Background: Tuberous sclerosis complex (TSC), an inherited neurocutaneous disorder, is caused by variants in the TSC1 or TSC2 genes. The mosaic variants of TSC1 and TSC2 are scarcely detectable using the conventional next-generation sequencing (NGS). Therefore, this study aims to explore the detection and distribution of mosaic variants within affected families.
Methods: Through whole-exome sequencing (WES) or the TSC1/TSC2 panel to detect the variants of the TSC1 and TSC2 genes, the reaction system of droplet digital PCR (ddPCR) was designed to detect the mosaicism of these variants in affected families.

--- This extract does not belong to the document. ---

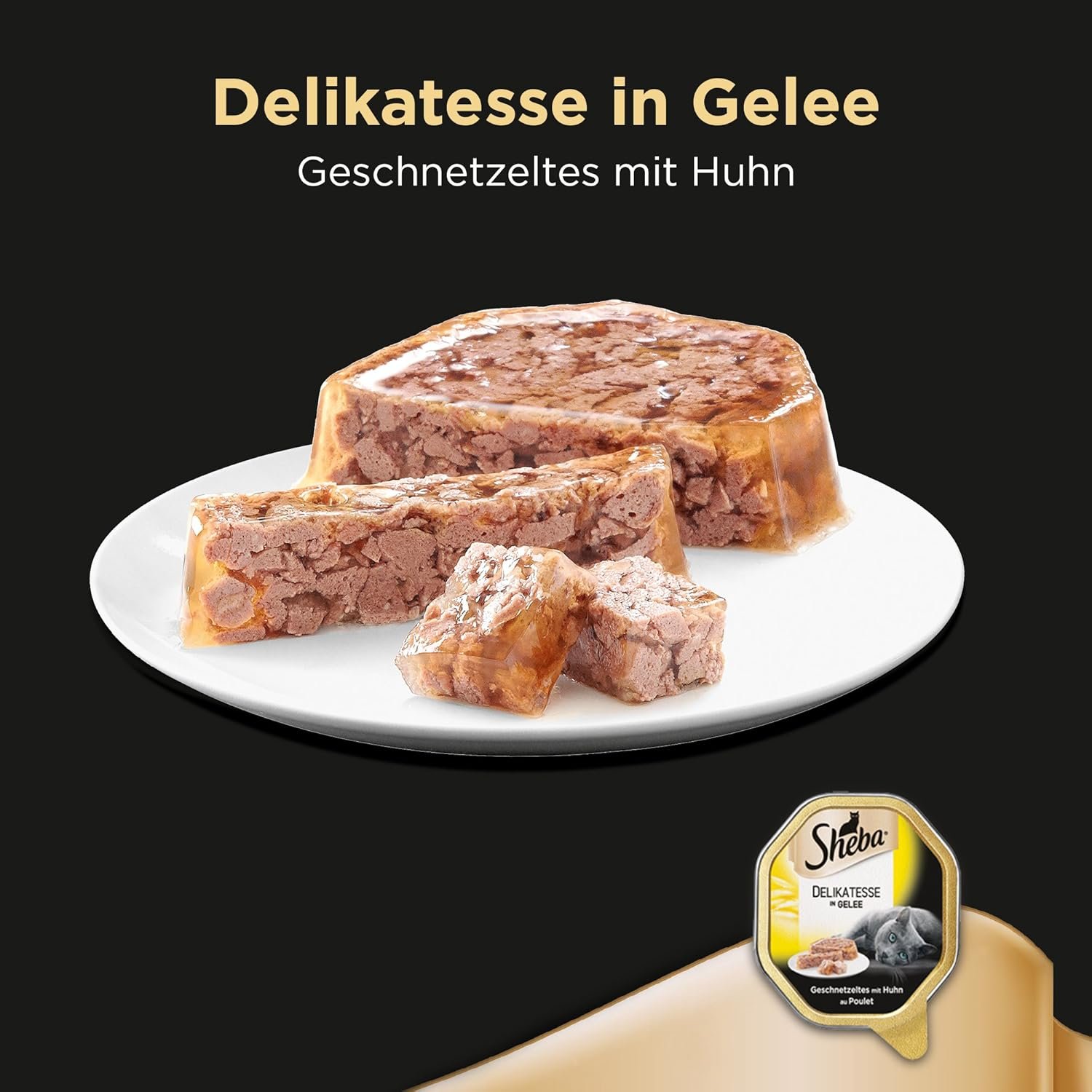 Lieferumfang: 22 x 85 g Sheba-Köstlichkeit in Gelee, Vorratspackung, geschnitten mit Huhn, Tiernahrung für Hauskatzen, geeignet für Junior ab 12 Monaten bis Senior

Results: Genetic testing was carried out on 29 TSC patients via WES or the TSC1/TSC2 panel. The results showed that 27 patients had positive results in the TSC gene variant tests. Fourteen cases were confirmed as de novo variants, and the asymptomatic fathers or mothers of 4 patients were identified as somatic mosaics by ddPCR, with mosaic proportions of 0.8%, 24.18%, 8.02%, and 0.33% respectively.
Conclusions: The ddPCR holds the potential to improve diagnostic accuracy, genetic risk assessment, and clinical diagnosis rates. Consequently, it could potentially be adopted as one of the modalities for prompt clinical diagnosis.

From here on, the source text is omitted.